Development of fibrosis after lung irradiation in relation to inflammation and lung function in a mouse strain prone to fibrosis.

The development of lung fibrosis after single-dose thoracic irradiation was studied histologically in C57L/J male mice. Lung function was monitored using uptake of carbon monoxide. During the latent period (prior to 15 weeks postirradiation) mice were chosen at random, while during the early phase (15-22 weeks) mice were sacrificed when they developed a functional deficit of at least 50%. Excess mice with a deficit of 50% in the early phase were followed into the late phase and sacrificed at 31 or 40 weeks. Two scoring methods were used to quantify lung damage. Fibrotic lesions and foci of inflammation were counted for the latent period, and the proportion of nonfunctional acini was determined for the early and late phases.

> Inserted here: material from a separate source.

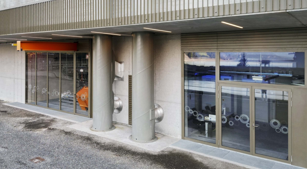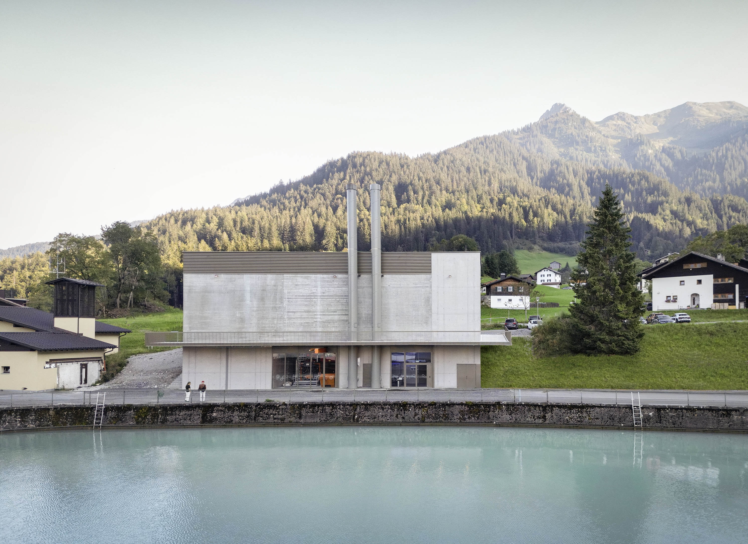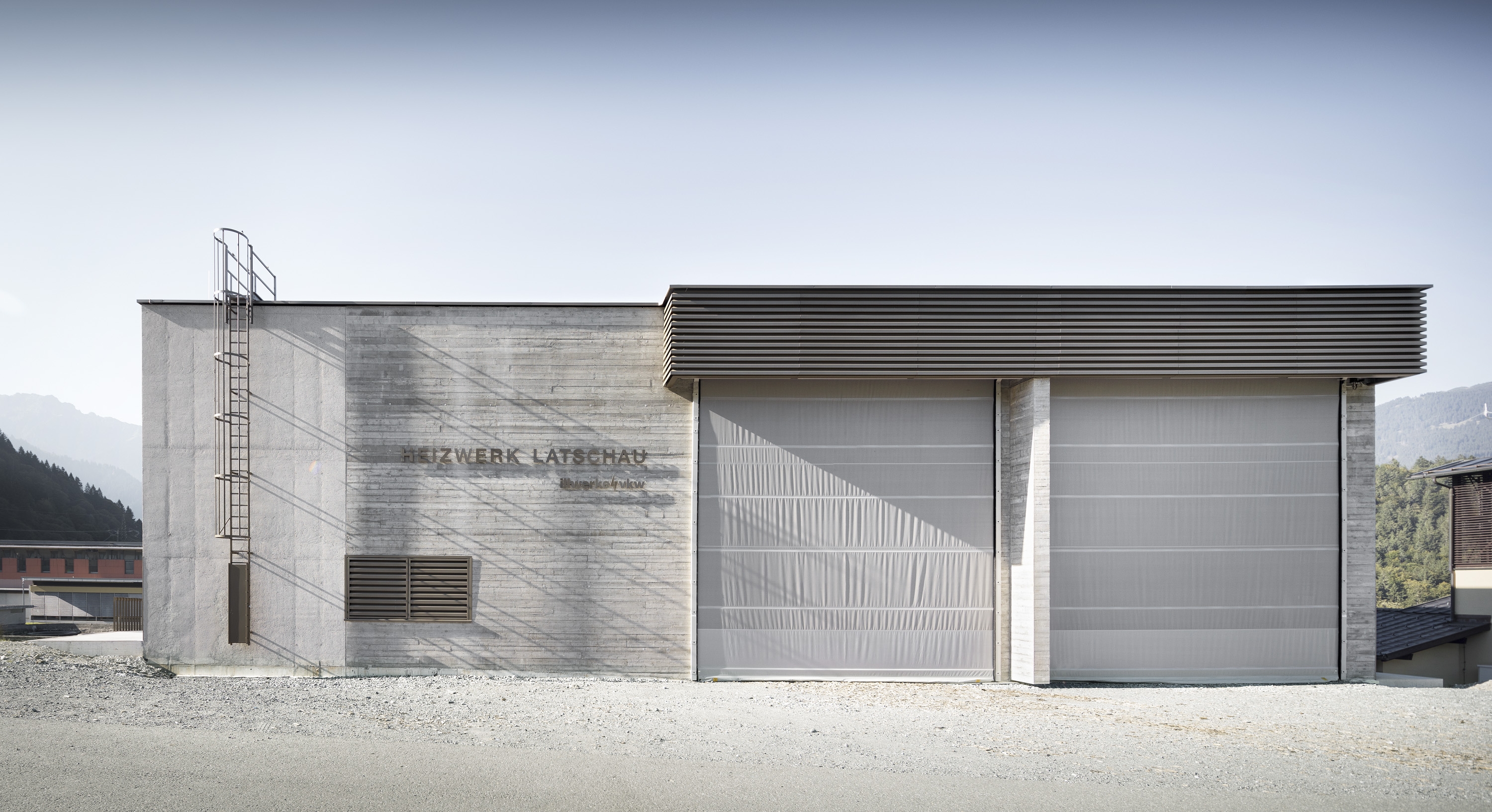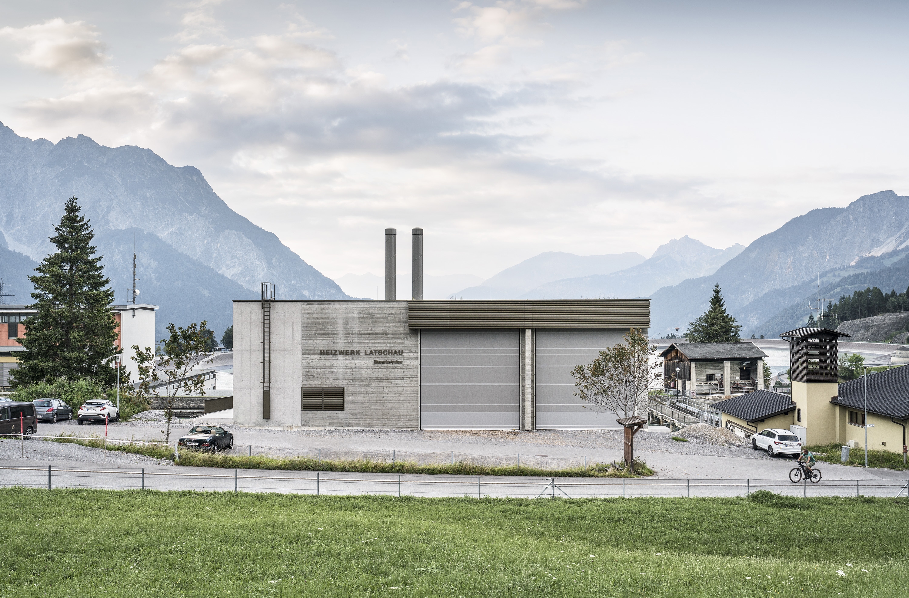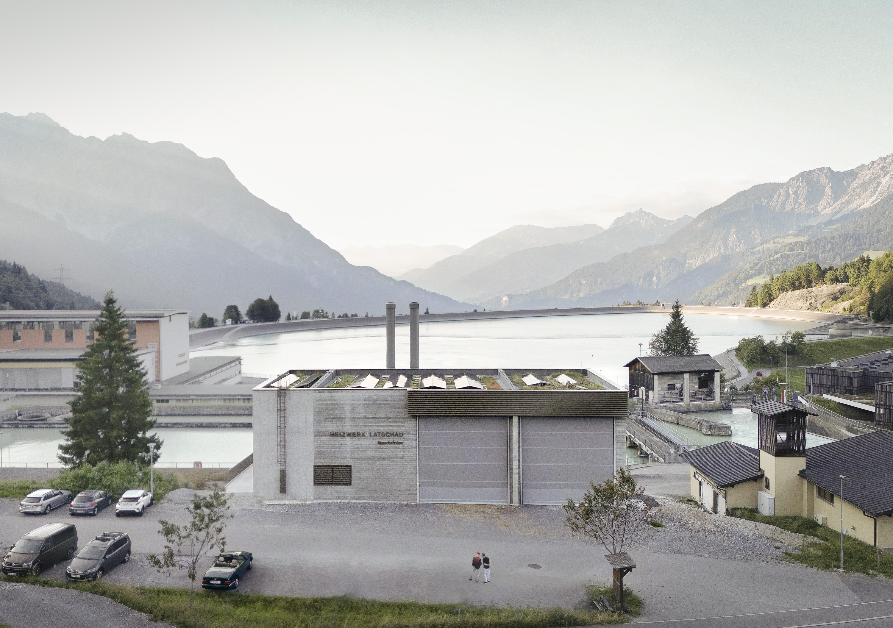 In the case of the Latschau heating plant, building in the Alps means choosing materials and colours in such a way that the building blends into the landscape with the aim of reflecting the elegant monotony of the mountains. A solid concrete body structured by different surface textures and a single spot colour for all metal surfaces are picking up on the surrounding atmosphere and are carrying it forward. A dedicated ecological concept links the building with its surroundings: biomass from the surrounding area as an energy source to feed the local heating network, free cooling from the reservoir to provide cooling capacity for the hotel and the combination of a photovoltaic system and a green roof.

After a dose 1 Gy less than the LD50/180, small regions of mild inflammatory infiltration appeared at 6 weeks, and small, focal fibrotic lesions containing numerous macrophages appeared at 8 weeks postirradiation. The number of fibrotic lesions increased steadily during the latent period in a manner that is consistent with conversion of inflammatory lesions to foci of fibrosis. Mice sacrificed upon developing a 50% functional deficit during the early phase had approximately equal proportions of lung affected by fibrosis and inflammation. Those mice which developed a similar respiratory deficit in the early phase and were followed into the late phase usually showed little change in lung function. However, when sacrificed at 31 weeks they had twice as much fibrosis and very little inflammation, suggesting that the inflammatory lesions had become fibrosed. The average number of macrophages per unit area of fibrosis declined during the latent period and changed little during the early and late phases. Lymphocytes and mast cells were also quantified in fibrosed regions.